Hamilton has been on Broadway for 10 years now and so my YouTube feed is affected by this. My sister really liked it when it came out and so did I tbh. I used to watch a lot of animatics about it (and other musicals) on YouTube.
Anyway…this algorithm induced trip down memory lane got me thinking and I feel like there is a version of Hamilton where he is looked at much more negativity…or as a kind of like “guy who makes it and then forgets where he comes from” kind of story.
Like…it’s somewhat there in the final production, he gets called out, but the narrative is still fundamentally on his side, but there is more in the cut and unfinished stuff that I think highlights this more.
It’s interesting that Burr is portrayed as this opportunistic figure that either doesn’t have beliefs or is fine with bending them in service to some greater motive while Hamilton his opposite when Hamilton seems to betray every one of his beliefs at some point throughout the play.
He starts the play as a revolutionary rabble rouser complaining about taxes on tea, but by the second act he is part of the establishment and taxing whiskey. The Whiskey Rebellion is alluded to a little in the final show, but there is an entire cut/reworked song where him and Washington crush the rebellion basically.
There is also a cut Cabinet Meeting rap where the issue of slavery is brought up and Hamilton, like for most of the play argues against it, but eventually ends up acquiescing for political and personal convenience.
I think one of the most glaring examples of this that made it to the end product is when Jefferson calls Hamilton out for all but abandoning Lafayette when he argues not to support the Revolution in France even though in the first act he tells Lafayette “we will be with you”.
I feel like with some of the cut and unfinished stuff there would really have been a theme of Hamilton in some form betraying all of the friends he had in the first act in some form.
Lafayette and France, Laurens and Slavery, Mulligan and the little guy.
Idk I feel like something is there that was at some point consciously scrapped.

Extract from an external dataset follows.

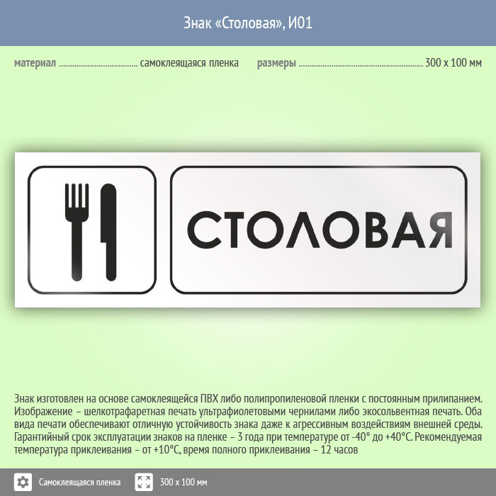 Знак «Столовая», И01 (пленка, 300х100 мм) в Томске купить

This isn’t even getting into the infidelity in his personal life or him agreeing to the duel that would take his life even though his wife had just gotten over the death or their son who died in one.
Idk Hamilton is just a kind of slimy, hypocritical character and I don’t think the narrative calls him out on it enough or really how the narrative works in light of these facts.
I don’t imagine many people here have seen the musical or care to think about it, but Idk where else to ramble about something like this either so I’m subjecting you to it.